Moving on, let me tell you a little bit about how I first came up with the idea for Floatillion. Settle in!!!

It was roughly a year ago, exactly on New Years Eve as a matter of fact. It had been a very unproductive year. The last thing I had done was a collection of short stories called Carefree Arizona  which I had finished at the end of High School, in 2009. After that I had worked on another collection of short stories called ROTOR, but somehow the project fell apart and I never finished it. Then, the summer of 2010 I completely lost the motivation to even try to do something. I even stopped drawing, all I could manage were abstract doodles for an entire summer.

New Years rolls around and I’m feeling pretty unsatisfied about the whole year. And I’m talking to my friend Mr. Yes about our various project ideas. Mostly his ideas, I don’t really have any at this point. He starts talking about some story collection idea of his, and somehow the word “animate” comes up, as in the adjective, not the verb. But I take it to mean the verb, and this jogs my memory of a painting I did while I was working on ROTOR. The painting is based on a zoetrope, a very early device for creating simple, looping animations. With part of a moon cycle drawn above it, because to me that seemed like a very natural, very simple looping animation. Roughly a frame a day, and then it loops every month.
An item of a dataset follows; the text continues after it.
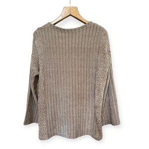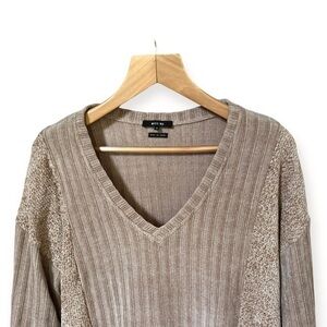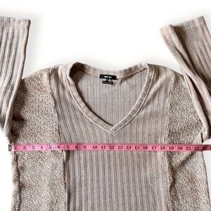 Women’s size small v-neck sweater by Miss Me. Taupe with a hint of dusty rose with contrasting textures. Super soft chenille fabric made of polyester. Oversized fit with wider sleeves. In great pre-owned condition with no flaws.

This painting was going to be the cover for my short story collection. Loops and animation were going to be a significant theme. And I’m still stuck on the themes an ideas of ROTOR. I kind of have blue balls from not having made those ideas real. And on New Years I zero in on a very specific, but minor aspect of ROTOR. The Church of Three Rivers, a mysterious cult that a mysterious, seemingly all-powerful woman is in charge of. They are one of the major forces that lobby for Project ROTOR to be constructed. My original plan was for this cult to only be mentioned, MAYBE appear in one story.

Instead I decide to focus in on this aspect of it. Cults are a fascinating thing, and I suddenly really wanted to make a series about a cult. But not a regular cult. Something with a twist. And something utilizing the concepts and themes I had created for ROTOR. And so eventually The Church of Three Rivers expanded and shoved all the other plot elements out of the way. And ROTOR started to turn into Floatillion.

But what’s a series without a main character? I drew Mask Boy for the first time at exactly midnight, on a piece of graph paper that was laying around. I wanted a character to welcome in this new, productive year with me. But I wanted something simple, like Mickey Mouse. So I took the black part of Mickey’s head, cut off the ears, expanded his little widows peak, and stuck it on a drawing kid wearing a hoodie. I named him Mask Boy because his helmet thing reminded me of a mask, plus I just liked the sound of it. And so Mask Boy was born on exactly New Years Day, 2011. He’s a year old as of January 1st, 2012. Here’s the first few drawings of him:

But Mask Boy and Floatillion didn’t come together until much later. He used to be just a character I drew. I didn’t have a series for him or anything, and didn’t know what he was even like. Later on I started thinking about the cult idea in more detail, and I kept imagining this kid playing this his friends, and it was Mask Boy, he was the kid. Mask Boy was playing with his friends and having a lot of fun, but then you zoomed in, into the black of his helmet, and you could see his true thoughts. Everything was hazy and red, he was playing but he didn’t know why. He wasn’t happy, he had just been trained to look like he was having fun. And that’s how Mask Boy and Floatillion connected. And where a lot of the themes for Floatillion, like the red dream river, came from.

But really Floatillion started when SBboard became a comic site. It used to be a bunch of different things, but Buff had been uploading his Nice Guys for a while, and then Trent joined in with Gay Cat. I joined in just because it seemed like a fun thing to do. Didn’t give it a lot of thought. I tried doing a gag comic at first, but that was hard. So decided to just go for it with this cult idea. So with a very vague idea in my head, I made the first comic. And then I kept making them. And I won’t stop making them until this story is finished.

Thanks for listening, you’re all my golden children.